■ Exercise objective
From the data below, please reproduce exactly everything from the line that contains "SYDNEY SWANS AFL" down to the line that contains "2st stora tekoppar", with both ends included.

■ Supplied information

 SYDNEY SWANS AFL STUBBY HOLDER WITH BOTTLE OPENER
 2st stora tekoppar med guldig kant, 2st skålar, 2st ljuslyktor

...

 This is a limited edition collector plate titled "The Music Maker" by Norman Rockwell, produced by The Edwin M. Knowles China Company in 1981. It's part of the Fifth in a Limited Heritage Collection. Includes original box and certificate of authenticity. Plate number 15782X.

■ Response to this exercise
 SYDNEY SWANS AFL STUBBY HOLDER WITH BOTTLE OPENER
 2st stora tekoppar med guldig kant, 2st skålar, 2st ljuslyktor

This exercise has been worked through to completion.